- _Exercise_
Working from the start of the listing, please write out exactly the lines through the one that holds "vegan leather accents", both included, and omit all pictures.

* * * *

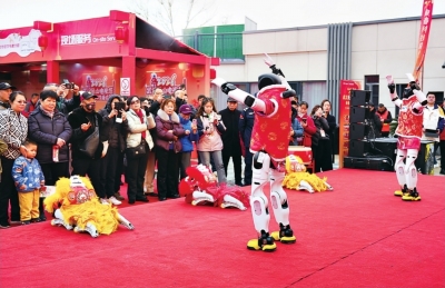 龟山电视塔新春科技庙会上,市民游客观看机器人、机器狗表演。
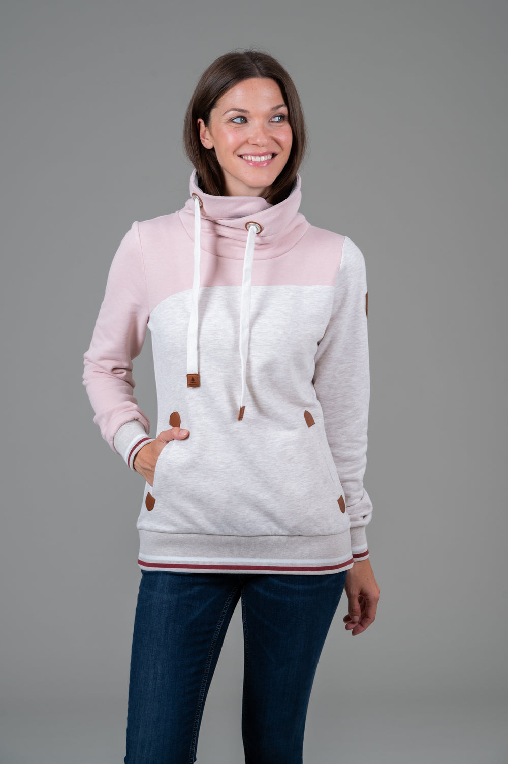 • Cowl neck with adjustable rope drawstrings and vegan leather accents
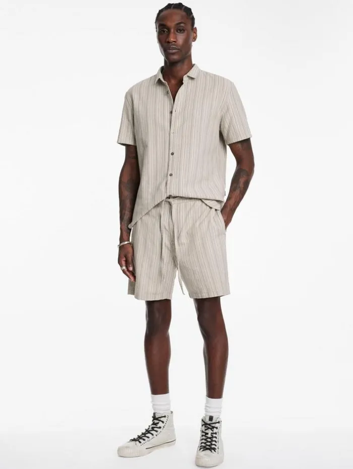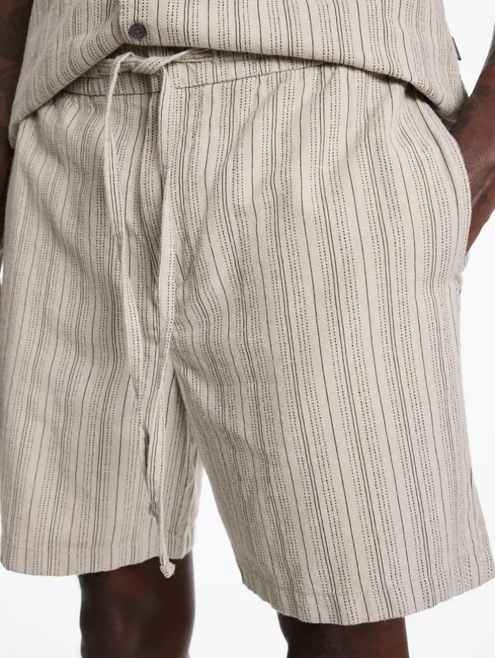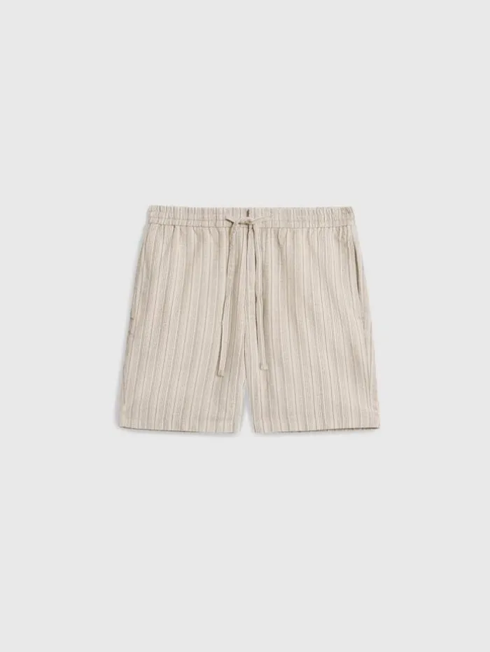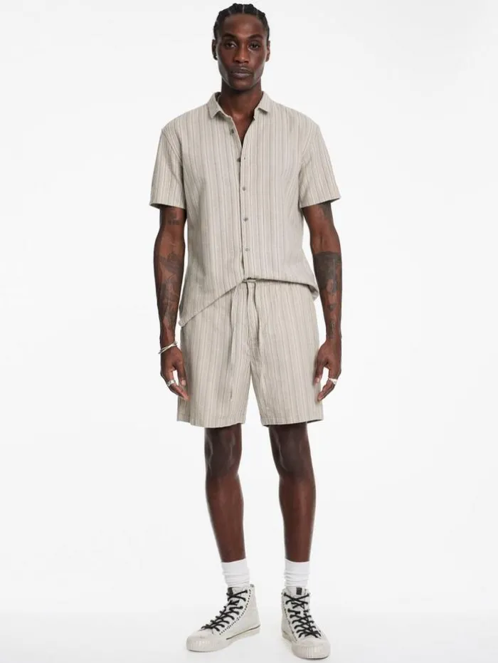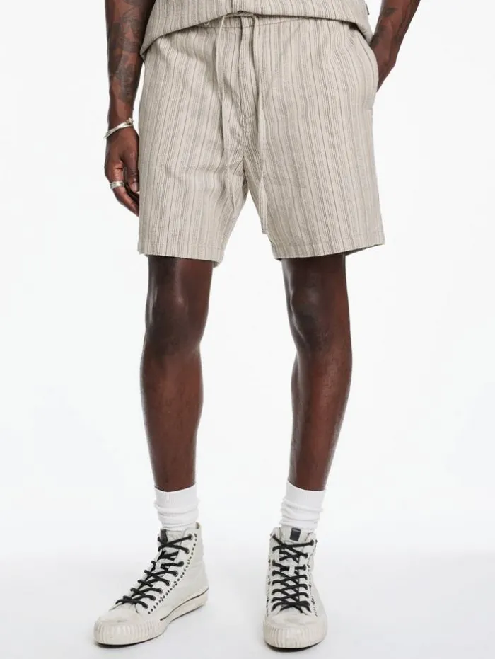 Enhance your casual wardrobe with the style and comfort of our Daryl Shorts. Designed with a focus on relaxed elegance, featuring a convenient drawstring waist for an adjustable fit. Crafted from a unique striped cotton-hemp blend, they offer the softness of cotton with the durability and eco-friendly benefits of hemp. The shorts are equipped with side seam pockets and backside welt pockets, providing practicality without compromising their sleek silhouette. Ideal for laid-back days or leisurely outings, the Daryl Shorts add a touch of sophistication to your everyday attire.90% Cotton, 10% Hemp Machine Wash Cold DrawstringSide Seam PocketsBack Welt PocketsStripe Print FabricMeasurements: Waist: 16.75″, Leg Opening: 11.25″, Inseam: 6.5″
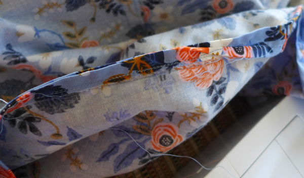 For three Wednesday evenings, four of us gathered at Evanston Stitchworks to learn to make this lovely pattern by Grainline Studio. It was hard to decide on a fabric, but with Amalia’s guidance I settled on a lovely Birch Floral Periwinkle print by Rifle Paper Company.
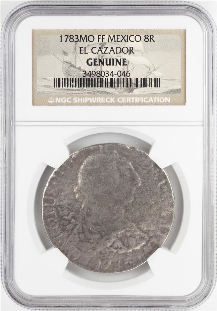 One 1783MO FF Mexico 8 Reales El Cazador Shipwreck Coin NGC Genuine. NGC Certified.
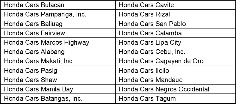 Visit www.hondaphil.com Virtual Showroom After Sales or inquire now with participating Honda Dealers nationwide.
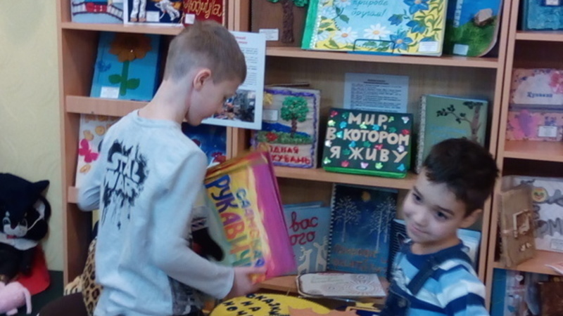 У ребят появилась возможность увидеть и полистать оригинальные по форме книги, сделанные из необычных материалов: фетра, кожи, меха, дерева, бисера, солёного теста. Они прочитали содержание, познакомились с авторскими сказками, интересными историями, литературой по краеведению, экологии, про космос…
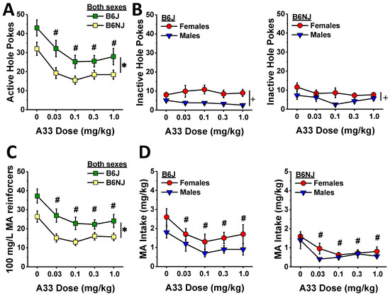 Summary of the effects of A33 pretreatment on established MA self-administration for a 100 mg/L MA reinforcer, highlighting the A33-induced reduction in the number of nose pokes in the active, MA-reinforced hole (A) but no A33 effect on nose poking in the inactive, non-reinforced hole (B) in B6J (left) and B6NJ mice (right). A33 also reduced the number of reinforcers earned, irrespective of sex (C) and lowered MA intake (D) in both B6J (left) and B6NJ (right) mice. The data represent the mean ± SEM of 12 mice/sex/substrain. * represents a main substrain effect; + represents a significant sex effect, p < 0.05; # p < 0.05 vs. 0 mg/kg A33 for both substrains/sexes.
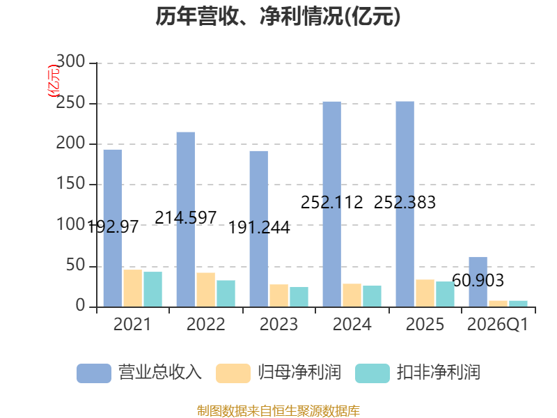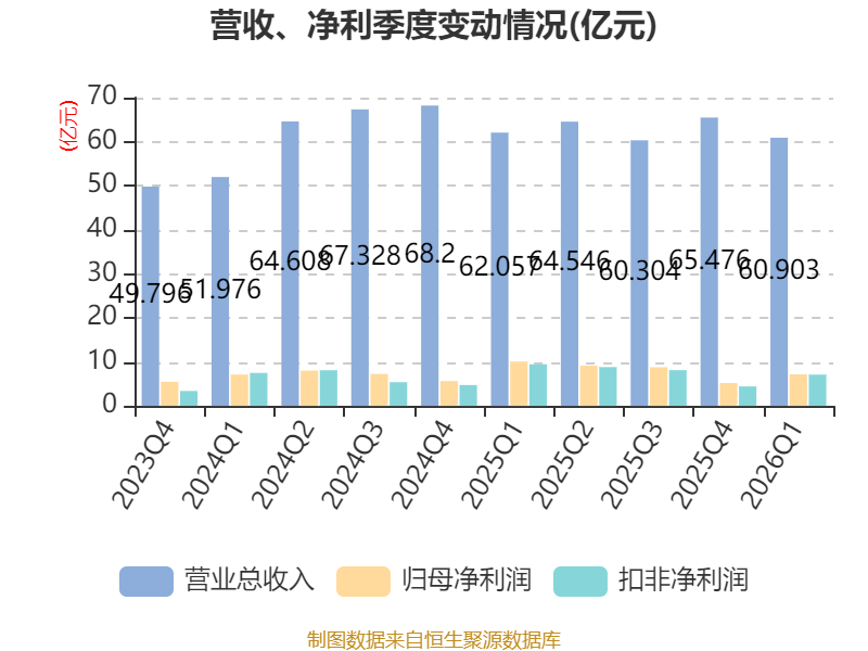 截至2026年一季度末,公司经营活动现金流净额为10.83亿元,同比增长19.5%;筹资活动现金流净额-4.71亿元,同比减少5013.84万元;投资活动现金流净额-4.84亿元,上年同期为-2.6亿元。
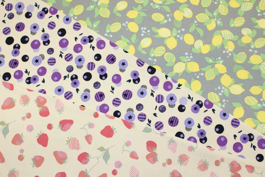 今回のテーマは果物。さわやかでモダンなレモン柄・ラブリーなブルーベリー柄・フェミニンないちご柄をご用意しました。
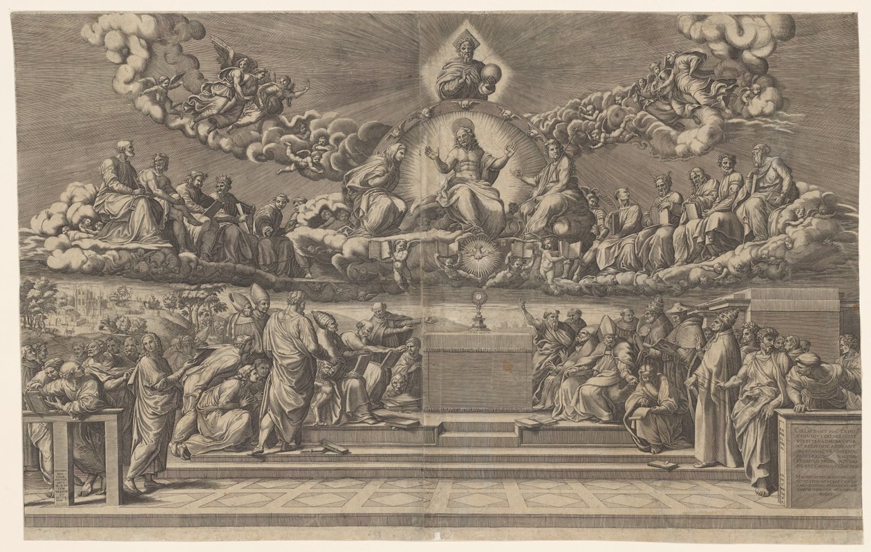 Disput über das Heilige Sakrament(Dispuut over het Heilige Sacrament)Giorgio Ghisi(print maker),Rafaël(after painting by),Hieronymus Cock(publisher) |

* * * *

- _Result for this task_
 龟山电视塔新春科技庙会上,市民游客观看机器人、机器狗表演。
 • Cowl neck with adjustable rope drawstrings and vegan leather accents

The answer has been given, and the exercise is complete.